Ok so we have picked up a skinny dog and by skinny I mean ribs and back bone showing, he has been to the vet and all checked out so he is healthy but I am wanting to put weight on him. Would a high fat diet do it? We will be switching him to RAW so can he gain weight with RAW? I have never had to get a dog to gain weight so when we fed RAW it was pretty easy to maintain the dogs weight. If RAW will do the trick what is the best foods for gaining weight.


----------



## DaneMama (Jun 27, 2008)

Welcome!

Glad to hear that you are going to be switching to raw.
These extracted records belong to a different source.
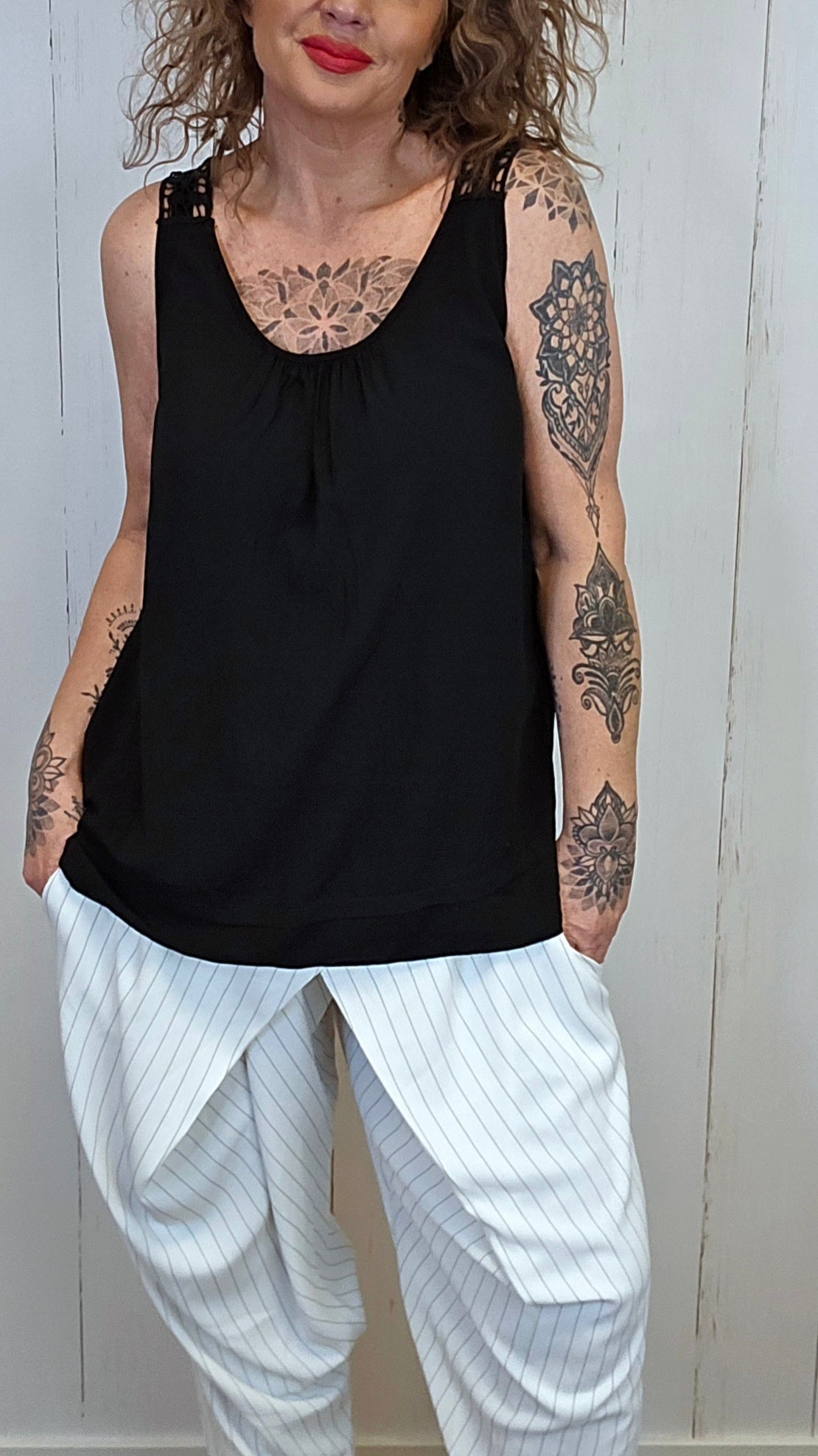 Lett og feminin topp med brede stropper og dekorativ blondedetalj over bryst og skuldre. Toppen har en løs og behagelig passform som faller fint på kroppen, og blondemønsteret gir plagget et elegant og sommerlig preg.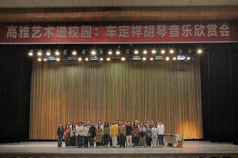 为贯彻落实国务院办公厅《关于全面加强和改进新时代学校美育工作的意见》,抓好五育并举育人工作,提高学生们对高雅艺术的欣赏能力,文学与传媒学院邀请国家一级演奏员车定祥教授在荆楚理工大会堂举办了胡琴音乐欣赏会,场内座无虚席。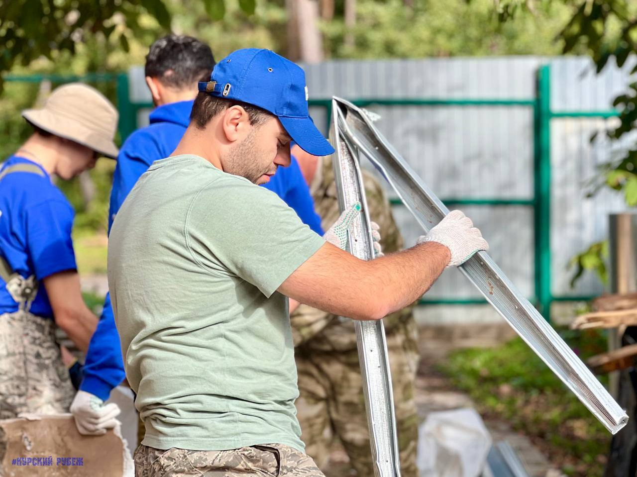 В рамках пятой смены «Курского рубежа» наши ребята вместе с командой активистов из 20 регионов страны помогали курянам восстанавливать соцобъекты и жилые дома, расчищали завалы от обстрелов украинских неонацистов и многое другое.

I would suspect that he is skinny from lack of continuous nutrition and neglect. With constant nutrition and care he should regain weight easily. I don't recommend that you feed a high fat diet or try to fatten him up in any extra way shape or form. Just give him the amount of food for his *ideal* weight per day and go from there. If you give him a high fat diet or try and fatten him up, most likely he will get sick and have diarrhea and vomiting because his system is just not used to it. He will gain weight back quickly just from adequate nutrition alone, especially on raw. 

I would start the switch just like with any other dog. Here is a getting started guide that I recommend you follow:

How to get started | Prey Model Raw

Good luck!


----------



## gsdmom (Jul 1, 2010)

Thanks, Yes he was found as a stray and was painfully thin, matted, he also seems to have been knocked around as he is way worried about being hit  when found. The good person who picked him off the street was unable to find his owner and so she had him a month and we got him recently, she was feeding Iams. I just hate to see his back bone, he also lacks muscle tone. It kills me to see this beautiful magnificant animal so thin. 
Thanks off to read the link


----------



## DaneMama (Jun 27, 2008)

Definitely, here to help :wink:

Once he gets on a more nutritious diet (raw) and gets some much needed TLC, you can start getting him back in shape...not just weight wise but in good physical/muscular shape. 

Come back with any and all questions you might have :wink:


----------